The data are in votes.txt on the class web site. The data file includes more variables than you need. PctPro is the percent of Pro-environment votes. Note: Your conclusions should be based only graphical and descriptive analyses. Do not conduct any significance tests or calculate any confidence intervals.
This is an example of what the book calls a Data Problem. The problem provides a context and a motivation for a data analysis. You figure out what is appropriate, do it, then write a short summary.
Please organize your summary in four parts (a - d below). Each part is a separate question, just like the parts of other questions. Each can be a bulleted list of phrases or (if you must) a sentence or two.
a) 1 pt. Methods
b) 1 pt. Appropriate summary statistics
c) 1 pt. Appropriate graphics
d) 1 pt. Conclusions
The key word above is "appropriate". There may be more than one appropriate method. Choose what you (or you and your friends) feel is the most appropriate. We do not want a 'statistics dump' where you use and report on every possible method. We will deduct points for an excessive dump. We will not deduct points for doing something appropriate that isn't exactly what we would do.
4) 1 pt. I specifically told you not to do a statistical test in problem 3.

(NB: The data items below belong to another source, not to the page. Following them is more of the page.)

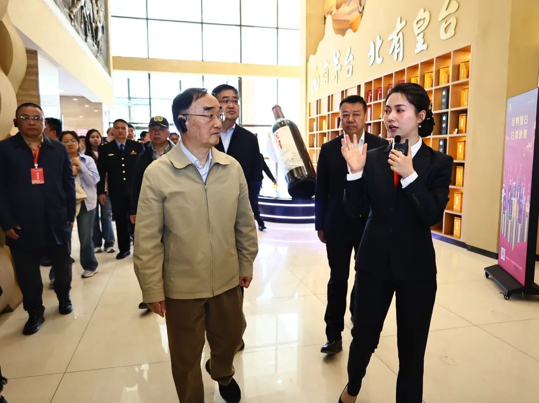 講解員向領導一行講解皇臺酒業(yè)的發(fā)展歷史
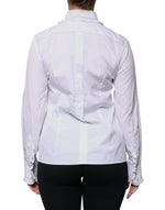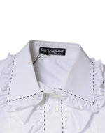 Dolce & Gabbana White Cotton Long Sleeves Ruffle Collar Top
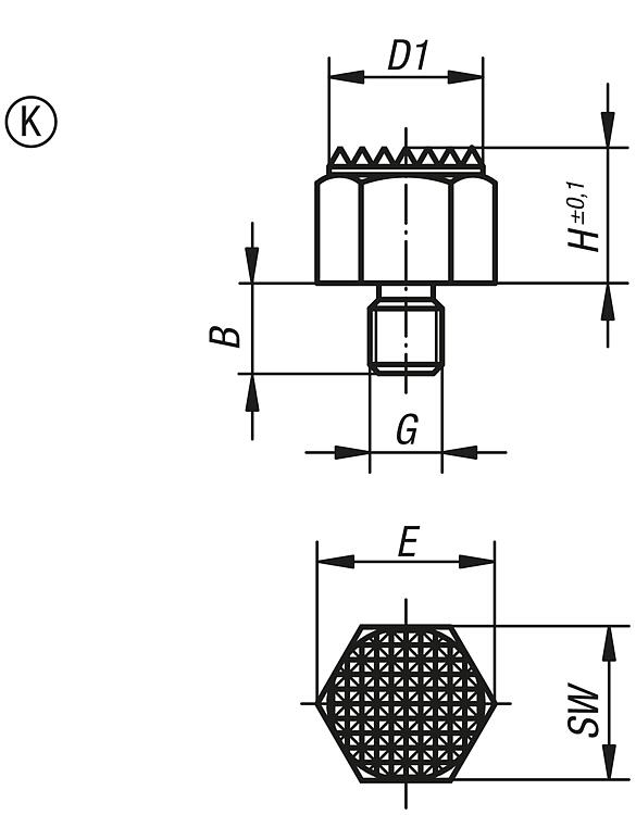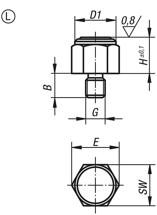 Order No. | Form | B | D1 | G | H | E | SW | Tightening torque max. Nm | CAD | Acc. | Price | Order |
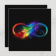 Artistically drawn infinity symbol with beautiful rainbow feather on white background. Tattoo style.
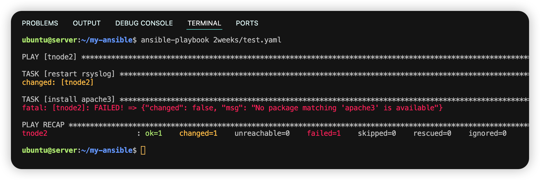 force_handlers 키워드가 없다면 rsyslog를 정상적으로 재시작했음에도 불구하고 install apache3 task가 실패함으로 인해 handler가 호출이 되지 않는다.
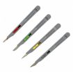 The set of 4 retractable precision safety knives are fitted with blade locking feature and are easily opened & closed using one hand. The different blade profiles are ideal for a variety of delicate cutting and trimming tasks. The profiles includes are colour coded as follows: Green #10, Grey #10A, Yellow #11, Red #15. The handles also includes a handy measuring scale.
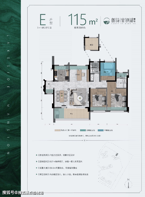 户型设计方面,从94㎡超高实用率的明星小面积户型到167㎡具备双套房的3+1房户型,各有特色。
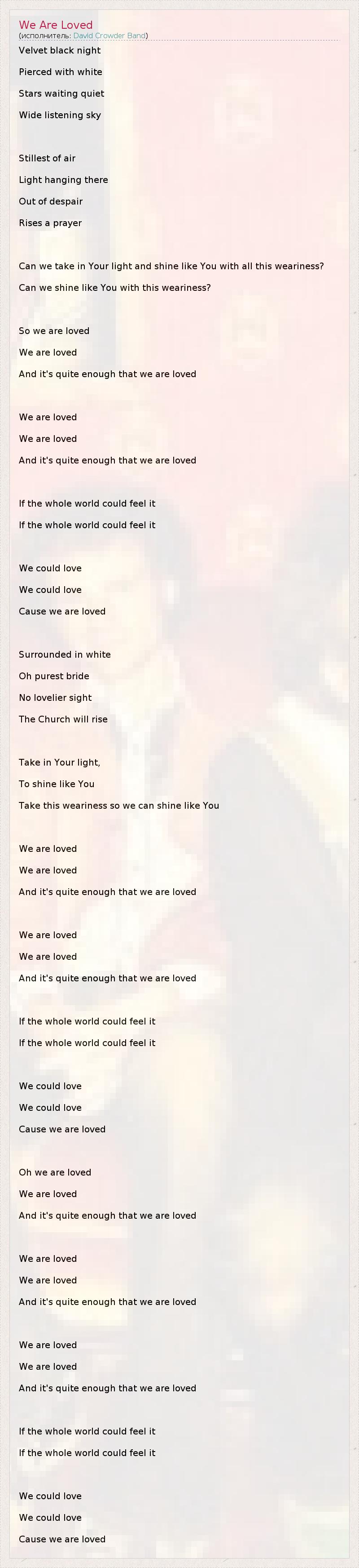 Velvet black night Pierced with white Stars waiting quiet Wide listening sky Stillest of air Light hanging there Out of despair Rises a prayer Can we take in Your light and shine like You with all this weariness? Can we shine like You with this weariness? So we are loved We are loved And it's quite enough that we are loved We are loved We are loved And it's quite enough that we are loved If the whole world could feel it If the whole world could feel it We could love We could love Cause we are loved Surrounded in white Oh purest bride No lovelier sight The Church will rise Take in Your light, To shine like You Take this weariness so we can shine like You We are loved We are loved And it's quite enough that we are loved We are loved We are loved And it's quite enough that we are loved If the whole world could feel it If the whole world could feel it We could love We could love Cause we are loved Oh we are loved We are loved And it's quite enough that we are loved We are loved We are loved And it's quite enough that we are loved We are loved We are loved And it's quite enough that we are loved If the whole world could feel it If the whole world could feel it We could love We could love Cause we are loved

If you want to evaluate party differences in the percentage of pro-environment votes, why
is a statistical test not needed with these data?
One or two sentences is sufficient.
5) 2 pt. The computer reports that the sample average is 120.57312. This is calculated
from 16 observations.
a) 1 pt. If the standard deviation is 35.45, use Kelley's rule to appropriately report the average.
b) 1 pt. If the standard deviation is 0.984, use Kelley's rule to appropriately report the average.
Note: If you missed the lecture discussion of number of digits for reporting results, see the lecture summary or a classmate for notes. An internet search for Kelley's rule is mostly likely to find something on betting or psychometric scale construction. Neither relevant to the HW question.